Agenda item - WHOLE SYSTEM APPROACH TO URGENT CARE RESILIENCE

Agenda item

WHOLE SYSTEM APPROACH TO URGENT CARE RESILIENCE

To receive a report and presentation from John Wardell, Chief Operating Officer, Enfield Clinical Commissioning Group (CCG).

Minutes:

RECEIVED the report of John Wardell, Chief Operating Officer, Enfield Clinical Commissioning Group (CCG).

 

NOTED

 

As John Wardell was unwell and unable to attend the meeting, Vince McCabe (Director of Commissioning, Enfield CCG) introduced the report, highlighting the following:

?  Boxing Day onwards saw a huge surge in demand across North Central London and this was sustained in both patient numbers and acuity, leading to extreme pressure at local A&Es. There was also an increase in emergency admissions in December and January.

?  The North Middlesex Hospital University Trust (NMUH) recovery trajectory was set to reach 90% in December 2017 and 95% in March 2018.

?  Enfield was consistently overachieving against the National Delayed Transfer of Care target. He thanked the social care locally.

?  There had been an increase in the number of out-of-hours GP appointments available, and continuous communication kept up.

?  Work with care homes had increased the confidence of providers to seek advice, and to minimise A&E attendance.

?  Streaming through the Urgent Care Centre and NMUH was higher than many peers. At the peak it had been necessary to open over 60 escalation beds. A new way of managing clinical flow was being implemented to make it sustainable.

?  There had been reductions in delayed discharges, and more people were assessed at home in a safer environment. Partnership working was key.

?  Planning had already started for winter 2018/19.

?  Healthwatch Enfield had been commissioned to help understand why people went to A&E, particularly walk-in patients.

?  He would like to hear how elected members wished to continue to be involved.

 

IN RESPONSE comments and questions were received, including:

1.    The Chair thanked Vince McCabe for the helpful presentation, and asked about the percentage of discharges which resulted in re-admission within two weeks. In response it was advised that re-admission was monitored and taken seriously, and that NMUH was not an outlier on this.

2.    In response to Councillor Cazimoglu’s queries about cancelled operations, it was advised that planning began early on not scheduling elective surgery during December/January. These were not last minute cancellations. Elective surgery was now being phased back in. Cancer and emergency surgery continued. The hospital was now able to close escalation beds to increase the capacity available for elective surgery.

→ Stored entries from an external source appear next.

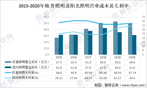 其中2020年歐普照明營業成本為49.6億元,同比下降6.4%,毛利率為37.74%;陽光照明營業成本為31.6億元,同比下降12.2%,毛利率為34.4%。
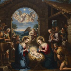 Na tranquila aldeia de Nazaré, vivia uma jovem mulher chamada Maria. Sua vida era simples, mas seu coração era cheio de fé. Certa noite, enquanto ela orava, a luz do céu encheu o seu quarto. Um anjo apareceu, radiante e majestoso, dizendo: “Salve, agraciada! O Senhor está contigo. Não temas, Maria, pois achaste graça diante de Deus. Conceberás e darás à luz um filho, e lhe chamarás Jesus. Ele será grande, filho do Altíssimo, e o seu reino jamais terá fim”. Maria tremeu e sussurrou: “Como pode ser isso, se não conheço homem algum?“. O anjo respondeu: “O Espírito Santo virá sobre ti e o poder do Altíssimo te cobrirá com a sua sombra. O menino que há de nascer será santo, Filho de Deus”. Maria respondeu: “Eis aqui a serva do Senhor; cumpra-se em mim segundo a tua palavra”. Quando o anjo partiu, o coração de Maria estava cheio de admiração. O maior segredo do céu agora crescia dentro dela.
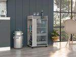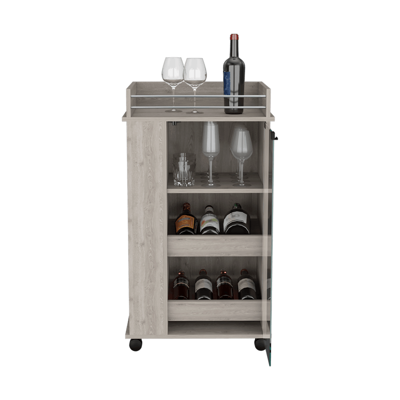 Bar, Con amplios espacios para ubicar copas y botellas, patas metálicas, y diseño moderno.
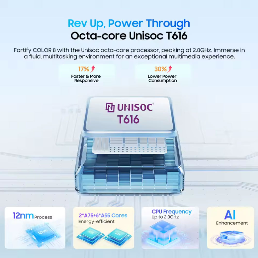 Gracias a su potente batería de 6000 mAh, podrás aguantar fácilmente un día entero, e incluso más, sin necesidad de recargar. El procesador Unisoc T616 de ocho núcleos garantiza un rendimiento estable y eficiente durante el uso diario.
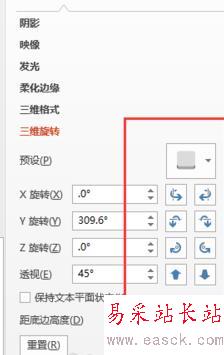 6、現在來給它設置立體效果,先選擇“三維旋轉”,參數如下:
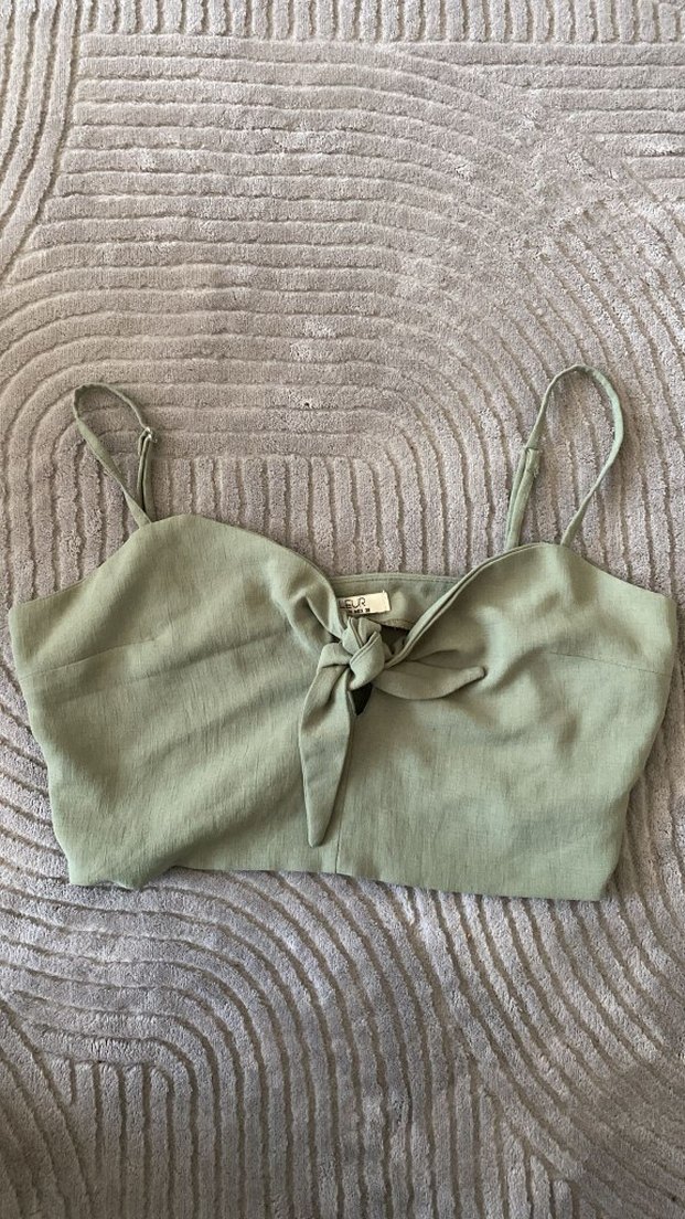 Keten kumaştan yapılmış, askılı halter yaka ve önünde bağlamalı detaylı, rahat kesimli khaki crop top.
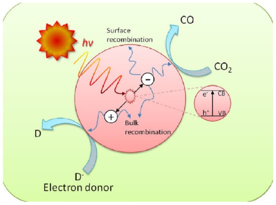Usually, SC materials have been used as photocatalysts; when light with suitable energy falls on the catalyst, the electrons move from the valance band (VB) to the conduction band (CB). There is an energy difference between the valance band and the CB of the photocatalyst which is called the band gap [46]. The charge carriers (e− and h+) are generated when the light strikes on the surface of photocatalysts with suitable energy greater than the band gap energy of SCs. These electrons and holes play a vital role in the oxidation and reduction reactions to obtain the product [24,47]. In this process, if photogenerated charge carriers (e− and h+) are not rapidly exhausted, then there is the possibility to recombine and lose their energy. During this process, e− and h+ could undergo modification on the surface of photocatalyst material and become recombined. There are two possibilities for this recombination; one is small EBG of catalyst material where electrons and holes may be easily recombined and the other is where these photogenerated particles cannot find the material to react and are recombined due to a very small lifetime [48]. Some basic steps such as: (i) absorbance of light; (ii) production of e− and h+ pairs; (iii) transportation of these photogenerated charges to the surface of the material; (iv) adsorption on the catalyst surface; (v) oxidation and reduction reactions; and (vi) formation of desired product occur during this reaction [49]. The schematic diagram of the charge recombination process across the photocatalyst material is given in Figure 4.

3.    In response to Councillor Cazimoglu’s question about discharge to assess, it was confirmed that assessment at home was done only if it was safe to happen, and had been very successful to date with good feedback.

4.    Maria Kane was asked for more details about the work carried out by Enfield Healthwatch. It had been noted that there was very high A&E attendance in December, but the admission rate was half the national average, which indicated a lot of people were coming to A&E who did not need to be there. Surveys were carried out by Healthwatch, using community languages, and a narrow set of questions, and 37,000 pieces of data were collected. This confirmed that many of the attendees did not require emergency care, but had a lack of understanding about alternatives in primary care etc. Work was needed on more effective communications and possibly the provision of a primary care centre at NMUH. The numbers presenting at A&E were very difficult and conditions could be chaotic. The Chair suggested that it would be useful for Health and Wellbeing Board to see the research data at a future meeting.

5.    Councillor Orhan was also interested in the research, particularly a breakdown on age and gender. If there were issues with young people presenting to A&E, there could be work with the Youth Parliament to help take messages forward.

6.    Parin Bahl confirmed that Healthwatch had already suggested working with the Youth Parliament. It had also been found that patients did not know what was available, and were unclear about use of the A&E or Urgent Care Centre at NMUH. It had been good to see all partners supporting the hospital this winter, but would like assurance that a similar situation would not re-occur in a year’s time.

7.    Vivien Giladi commented on not just staff shortage, but a severe shortage of money in the system. Also, the data on inflow had been provided with no comment or profiling of the patients who did not attend booked appointments. She had concerns about mental health support and advised that young people especially were concerned about the paucity of mental health provision. Vince McCabe acknowledged the growing priority and work to be done.

8.    The Chair considered that the issues should be subject to discussion in a development session to take place within the next six months to give more time to look at the research data and the planning for next winter in particular.

 

AGREED

(1)  That the Health and Wellbeing Board noted the schemes, next steps and system partnership working within the presentation.

(2)  The suggestions from Health and Wellbeing Board members of the best forum for System Partners to continue to share and involve the members of the committee of the work taking place across the system, and agreed that a development session be scheduled as discussed.